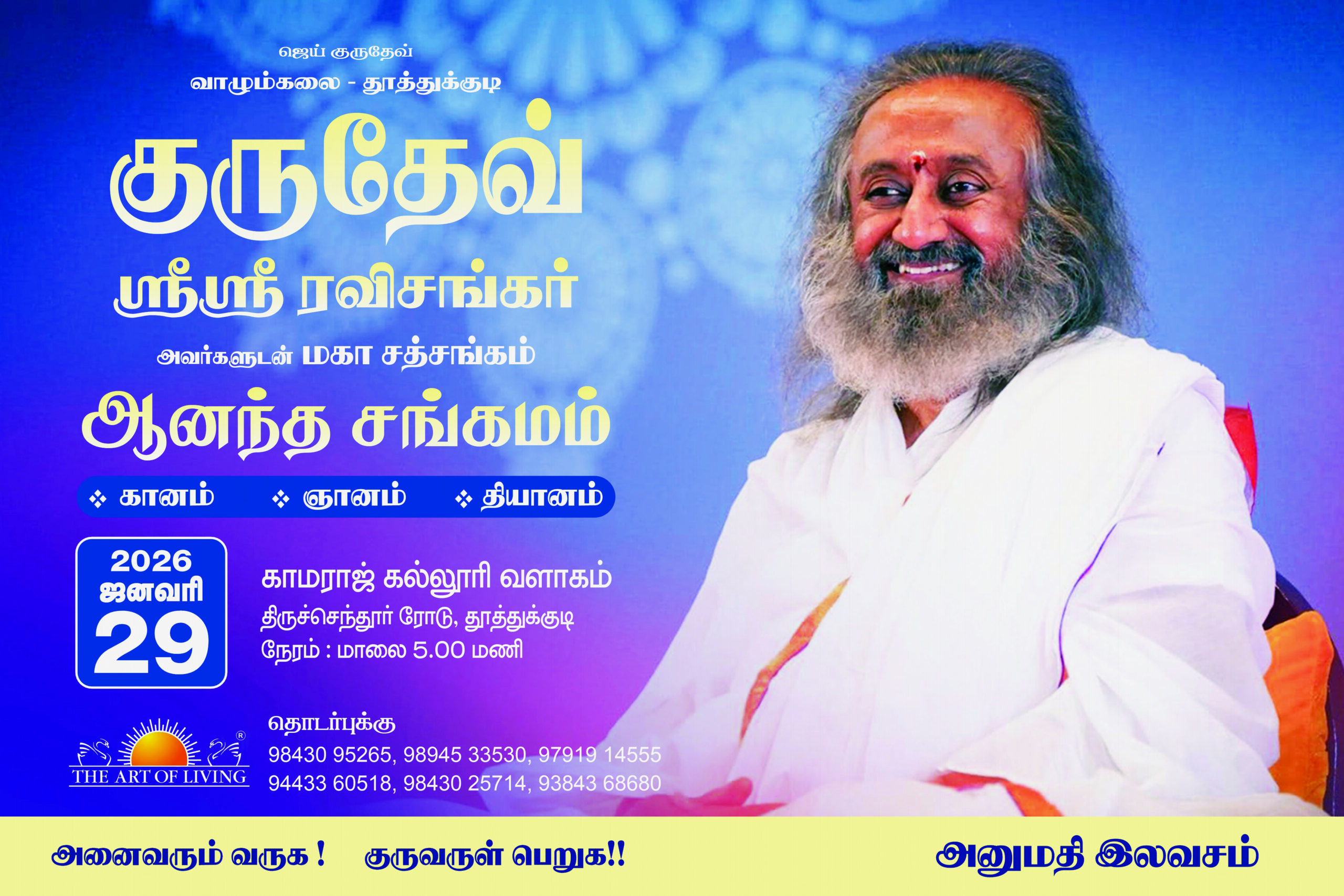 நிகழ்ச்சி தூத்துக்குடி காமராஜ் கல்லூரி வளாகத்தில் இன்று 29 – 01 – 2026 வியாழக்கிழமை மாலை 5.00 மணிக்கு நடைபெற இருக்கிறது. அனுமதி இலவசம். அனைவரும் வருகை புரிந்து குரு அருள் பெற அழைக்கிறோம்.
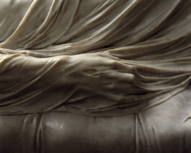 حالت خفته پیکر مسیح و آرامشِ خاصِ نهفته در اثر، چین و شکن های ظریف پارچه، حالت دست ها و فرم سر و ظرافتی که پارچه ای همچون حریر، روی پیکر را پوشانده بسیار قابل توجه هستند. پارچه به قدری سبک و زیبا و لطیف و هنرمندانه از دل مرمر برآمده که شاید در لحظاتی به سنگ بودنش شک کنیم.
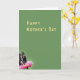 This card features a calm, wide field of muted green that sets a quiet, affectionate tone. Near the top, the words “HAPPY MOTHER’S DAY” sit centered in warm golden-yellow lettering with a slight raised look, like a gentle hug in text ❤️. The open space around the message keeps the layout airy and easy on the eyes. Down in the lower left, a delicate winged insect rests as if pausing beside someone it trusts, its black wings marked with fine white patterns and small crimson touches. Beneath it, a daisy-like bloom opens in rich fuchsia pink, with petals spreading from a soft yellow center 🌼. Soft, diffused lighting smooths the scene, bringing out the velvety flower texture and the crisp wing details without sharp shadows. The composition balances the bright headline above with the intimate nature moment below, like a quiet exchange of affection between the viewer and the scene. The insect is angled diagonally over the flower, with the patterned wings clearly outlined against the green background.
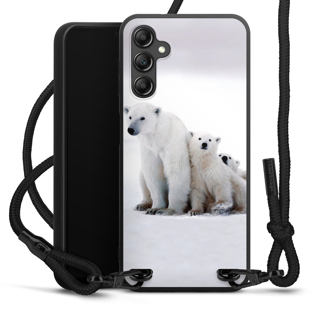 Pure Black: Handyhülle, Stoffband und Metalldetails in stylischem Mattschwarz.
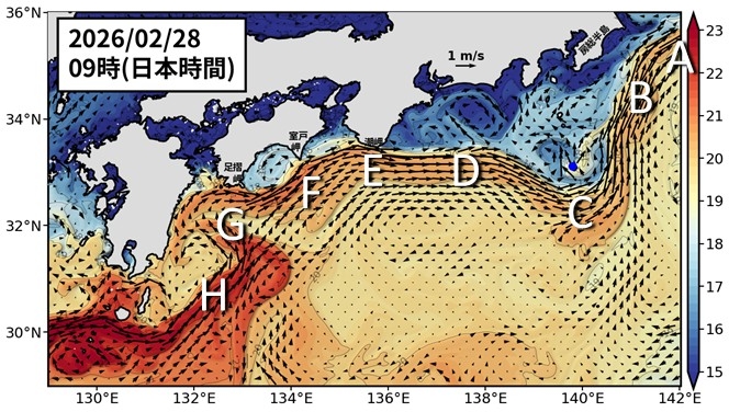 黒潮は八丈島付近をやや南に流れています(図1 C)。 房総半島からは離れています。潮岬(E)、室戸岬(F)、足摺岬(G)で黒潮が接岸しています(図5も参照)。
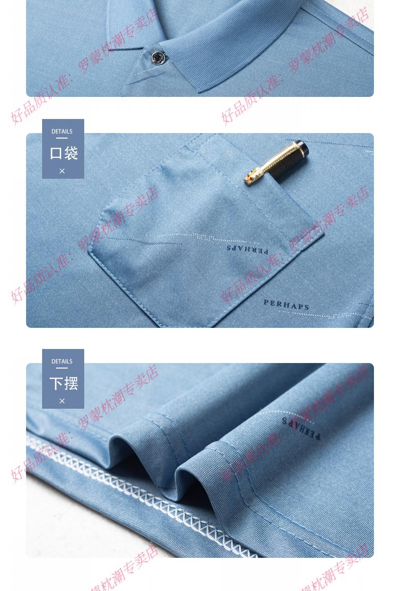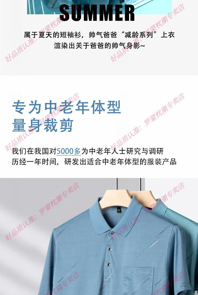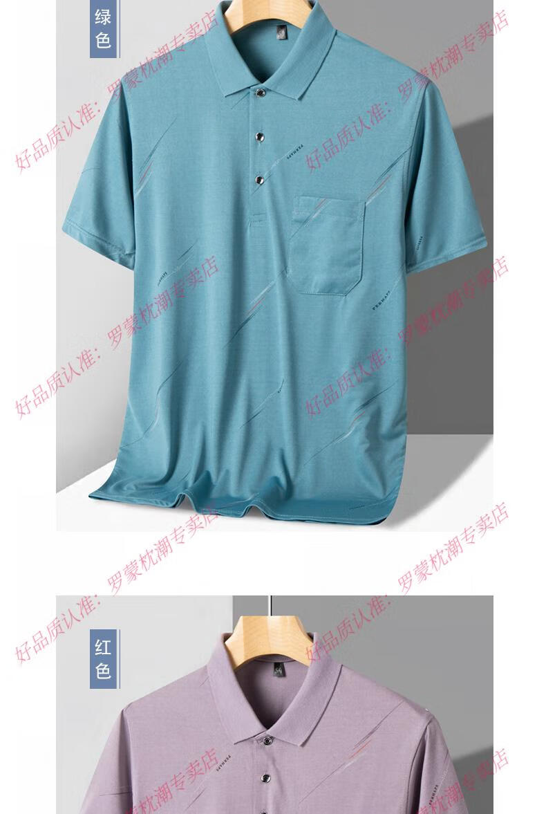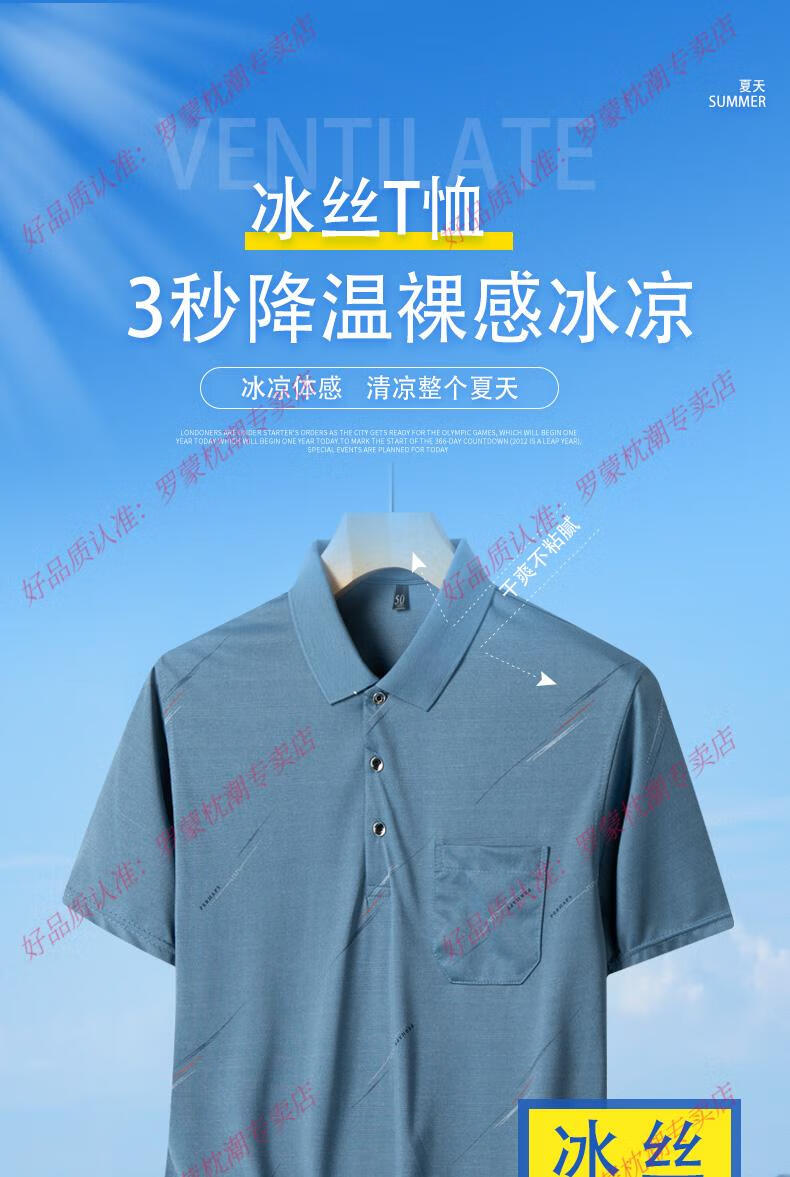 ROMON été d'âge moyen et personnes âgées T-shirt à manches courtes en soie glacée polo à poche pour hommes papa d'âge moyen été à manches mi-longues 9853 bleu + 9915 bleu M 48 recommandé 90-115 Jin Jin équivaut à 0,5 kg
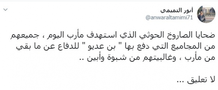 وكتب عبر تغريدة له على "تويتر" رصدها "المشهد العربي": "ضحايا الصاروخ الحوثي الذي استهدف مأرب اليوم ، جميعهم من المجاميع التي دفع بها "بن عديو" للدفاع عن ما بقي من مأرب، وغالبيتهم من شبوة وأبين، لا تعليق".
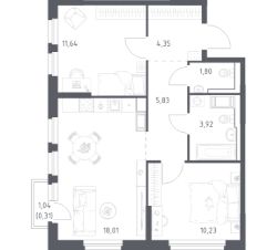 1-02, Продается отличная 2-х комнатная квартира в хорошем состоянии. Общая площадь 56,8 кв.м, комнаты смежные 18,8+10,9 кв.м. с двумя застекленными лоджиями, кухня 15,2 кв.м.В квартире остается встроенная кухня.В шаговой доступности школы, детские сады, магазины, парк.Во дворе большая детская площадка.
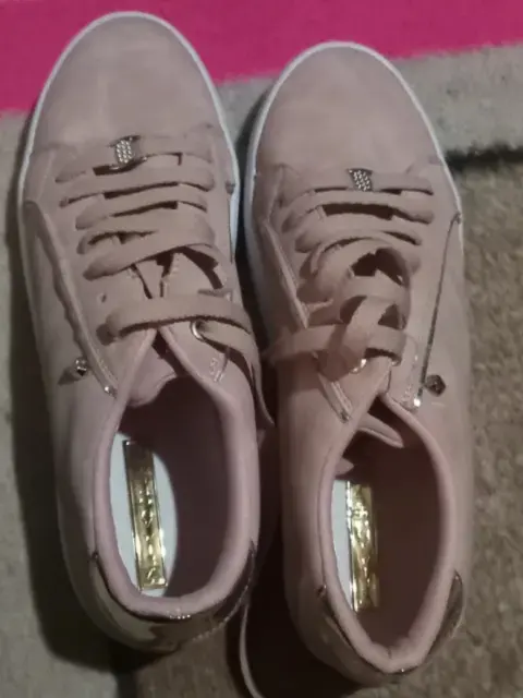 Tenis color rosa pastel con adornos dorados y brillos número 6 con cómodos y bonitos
++++
• **What is required**:
Output only the lines running from the top of the data above to the line with "حالت خفته پیکر", inclusive, word for word and without pictures.

• **Solution**:
 நிகழ்ச்சி தூத்துக்குடி காமராஜ் கல்லூரி வளாகத்தில் இன்று 29 – 01 – 2026 வியாழக்கிழமை மாலை 5.00 மணிக்கு நடைபெற இருக்கிறது. அனுமதி இலவசம். அனைவரும் வருகை புரிந்து குரு அருள் பெற அழைக்கிறோம்.
 حالت خفته پیکر مسیح و آرامشِ خاصِ نهفته در اثر، چین و شکن های ظریف پارچه، حالت دست ها و فرم سر و ظرافتی که پارچه ای همچون حریر، روی پیکر را پوشانده بسیار قابل توجه هستند. پارچه به قدری سبک و زیبا و لطیف و هنرمندانه از دل مرمر برآمده که شاید در لحظاتی به سنگ بودنش شک کنیم.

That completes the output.